On intelligence, stupidity, and music

This weekend I read three very different books on the human mind and brain.
Jeff Hawkins On Intelligence poses a speculative theory about how the neocortex works. Hawkins asserts that the distinctive aspect of human intelligence is that it allows us to make predictions. Based on a few strands of previous research, some insight, and aggressive reverse engineering, Hawkins proposes a neural architecture that enables humans to generalize patterns from raw sensation, allowing us to predict the next notes of a familiar song and to extend knowledge with analogies.
The hypothesis about how the neocortex works is interesting. The way that it proposes the generation of predictions by a combination of top-down and bottom up feedback is clever. The observation that sense-making requires a dimension of time — not just music, but touch and sight — is insightful. Unlike the evolutionary hypothesis of say, Terrence Deacon on the origins of symbolic thinking, Hawken’s algorithm is testable. However, Hawkins’ understanding of intelligence leaves out some crucial factors. Hawkins is interested in the mind as disconnected from emotions and desires. He believes that computers that have predictive intelligence without ambition, lust or greed will have the good of human intelligence, without the flaws introduced by the passions.

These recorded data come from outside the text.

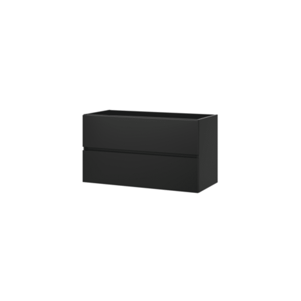 Geef jouw badkamer een moderne upgrade met deze 100 cm wastafelonderkast in mat zwart. Strak design en slimme opbergruimte komen hier perfect samen voor een verzorgde en rustige look.
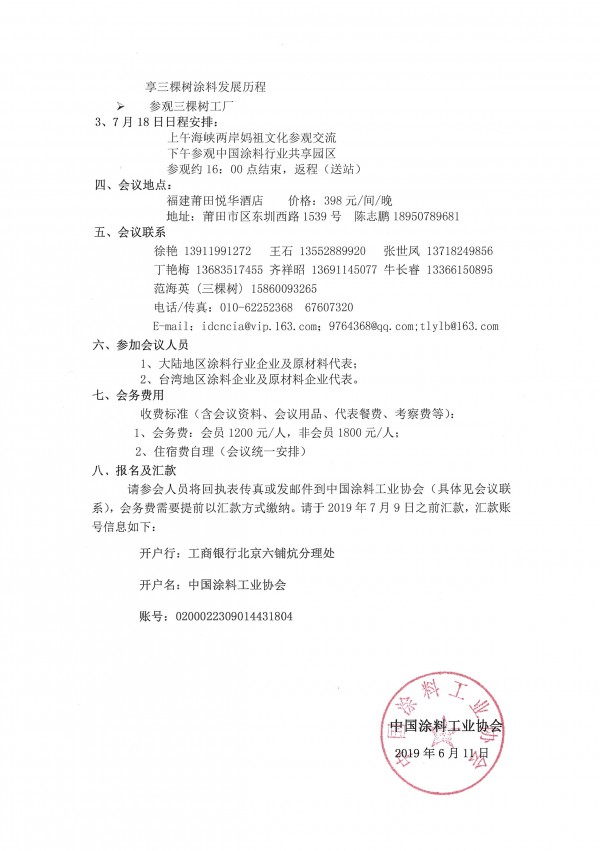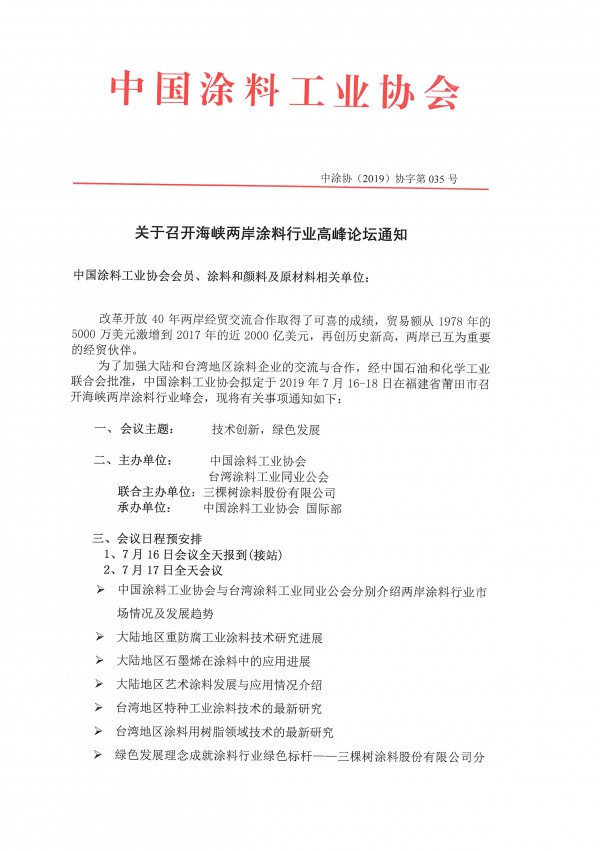 为了加强大陆和台湾地区涂料企业的交流与合作,经中国石油和化学工业联合会批准,best365中国官方网站拟定于2019年7月16-18日在福建省莆田市召开海峡两岸涂料行业峰会,现将有关事项通知如下: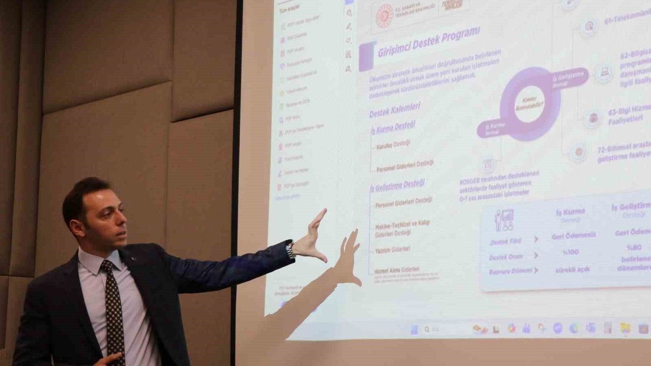 AYTO Akademi Eğitim Salonu'nda düzenlenen toplantıda, Küçük ve Orta Ölçekli İşletmeleri Geliştirme ve Destekleme İdaresi Başkanlığı Aydın İl Müdürü Berkay Çetin Oral tarafından başta İmalat Sanayi İçin Kredi Finansmanı ve İstihdamı Koruma Programı olmak üzere devletin sunduğu destekler hakkında kapsamlı bilgiler verildi. KOBİ'lerin üretim gücünü artırmaya yönelik desteklerin önemine dikkat çeken Oral, imalatçı ve büyüme hedefi olan işletmeler için sunulan fırsatları katılımcılarla paylaştı.Toplantıya AYTO Yönetim Kurulu Üyesi Belgin Çekmen Altay da katılırken, program katılımcıların sorularının yanıtlanmasıyla sona erdi.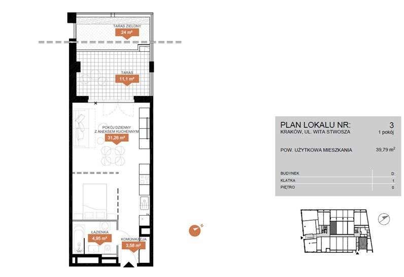 Stare Miasto apartamentowiec 1/2 pok taras + ogród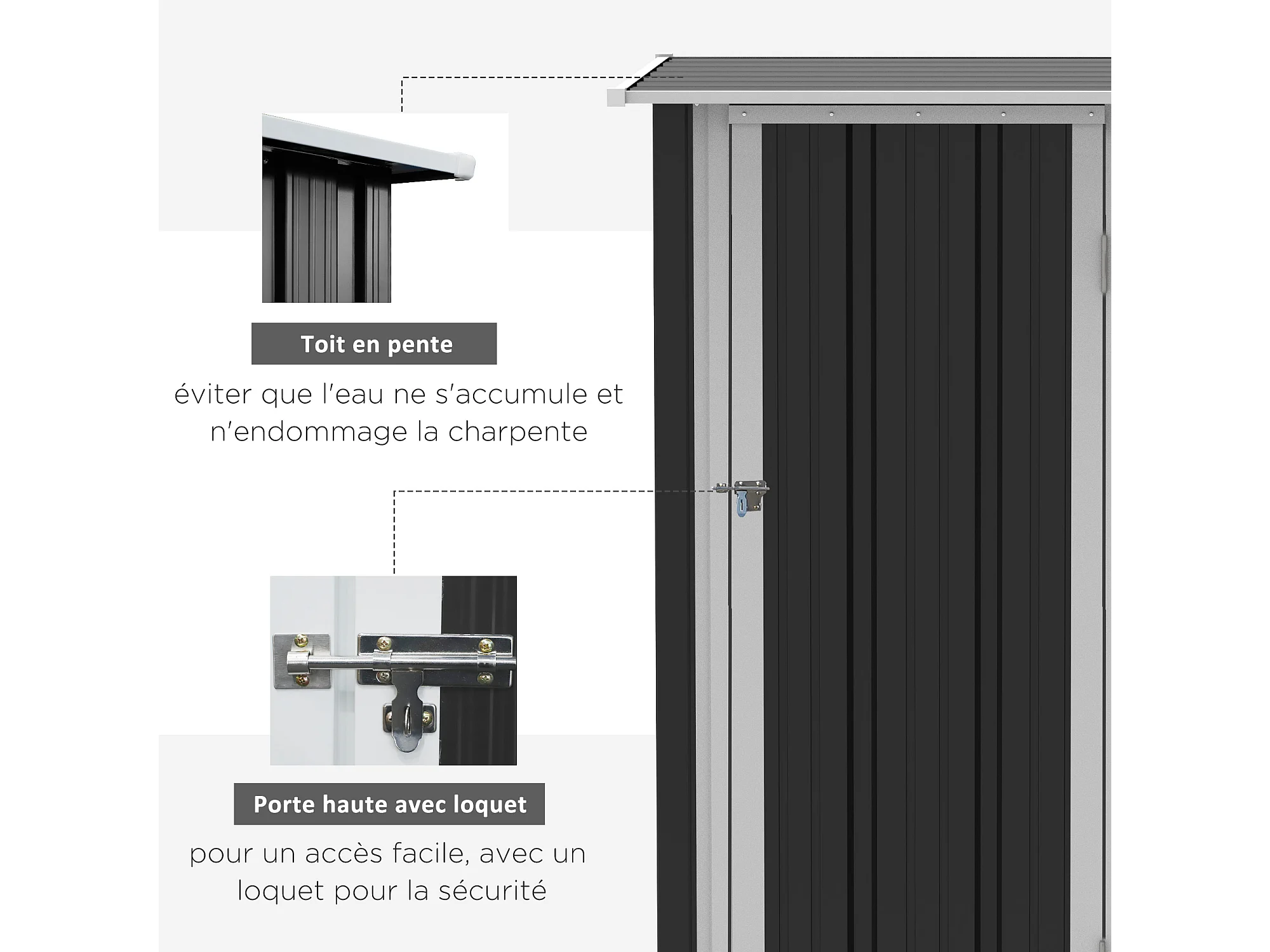 Abri de jardin - remise pour outils - cabanon porte verrouillable - dim. 142L x 84l x 189H cm - tôle d'acier anthracite blanc

This dualistic vision ignores the insights of Antonio Damasio, a neurologist whose theory of intelligence embraces the emotions. Damasio observes patients with injuries to emotional processing, and finds that they lack the senses of fear and anticipation that enable people to make functional decisions. A lack of normal empathy prevents someone from getting along with other people. A computer that implemented predictive learning without emotions might be some combination of sociopathic and unwise. A computer that implemented learning without boredom and forgetting might not even be optimally effective at synthesis.
Hawkins focuses on the connections between neocortex and senses, but ignores the connections between neocortex and emotional parts of the brain. The neuroscience bits of Deacon’s book explain how in humans, the connections between the limbic system and the neocortex became intertwined as humans evolved. There’s a biological basis to Damasio’s observation that emotions are part of intelligence.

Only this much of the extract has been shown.